** Exercise prompt **
Please set out each line below exactly as it stands, without the images.

** Given material **

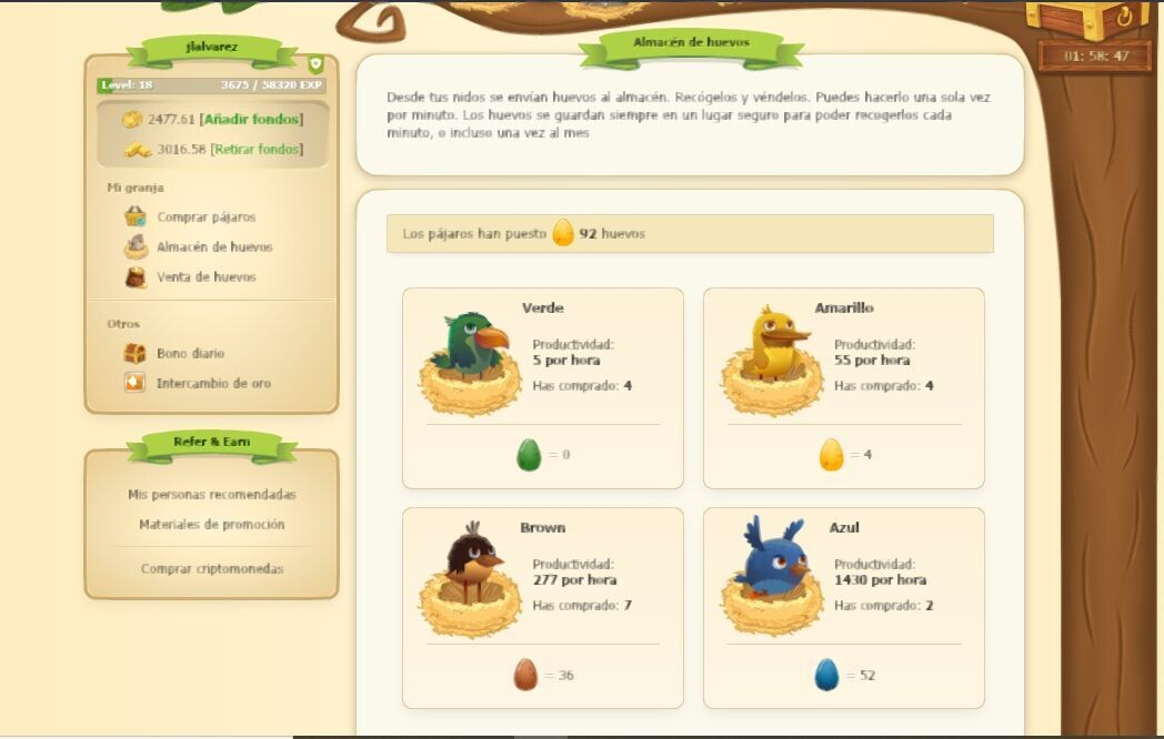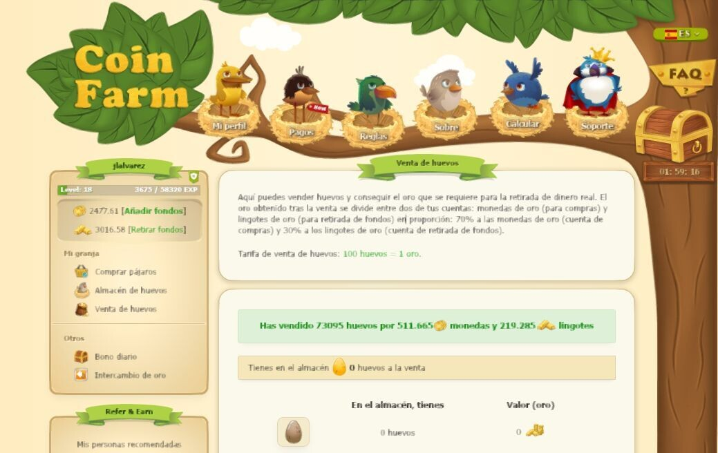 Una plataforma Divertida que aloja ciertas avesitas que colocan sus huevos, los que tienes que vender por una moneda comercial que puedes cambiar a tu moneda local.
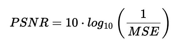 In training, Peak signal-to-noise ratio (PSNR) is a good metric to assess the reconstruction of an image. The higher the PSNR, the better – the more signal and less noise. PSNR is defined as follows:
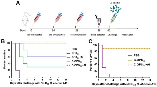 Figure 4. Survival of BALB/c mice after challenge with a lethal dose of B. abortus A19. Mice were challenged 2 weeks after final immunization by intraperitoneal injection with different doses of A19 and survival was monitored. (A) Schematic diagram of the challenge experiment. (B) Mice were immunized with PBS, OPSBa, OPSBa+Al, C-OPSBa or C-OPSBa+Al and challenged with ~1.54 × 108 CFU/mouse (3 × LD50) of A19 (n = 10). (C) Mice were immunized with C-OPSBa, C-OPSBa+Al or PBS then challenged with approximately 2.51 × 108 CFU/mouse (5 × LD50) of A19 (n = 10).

** Exercise response **
 Una plataforma Divertida que aloja ciertas avesitas que colocan sus huevos, los que tienes que vender por una moneda comercial que puedes cambiar a tu moneda local.
 In training, Peak signal-to-noise ratio (PSNR) is a good metric to assess the reconstruction of an image. The higher the PSNR, the better – the more signal and less noise. PSNR is defined as follows:
 Figure 4. Survival of BALB/c mice after challenge with a lethal dose of B. abortus A19. Mice were challenged 2 weeks after final immunization by intraperitoneal injection with different doses of A19 and survival was monitored. (A) Schematic diagram of the challenge experiment. (B) Mice were immunized with PBS, OPSBa, OPSBa+Al, C-OPSBa or C-OPSBa+Al and challenged with ~1.54 × 108 CFU/mouse (3 × LD50) of A19 (n = 10). (C) Mice were immunized with C-OPSBa, C-OPSBa+Al or PBS then challenged with approximately 2.51 × 108 CFU/mouse (5 × LD50) of A19 (n = 10).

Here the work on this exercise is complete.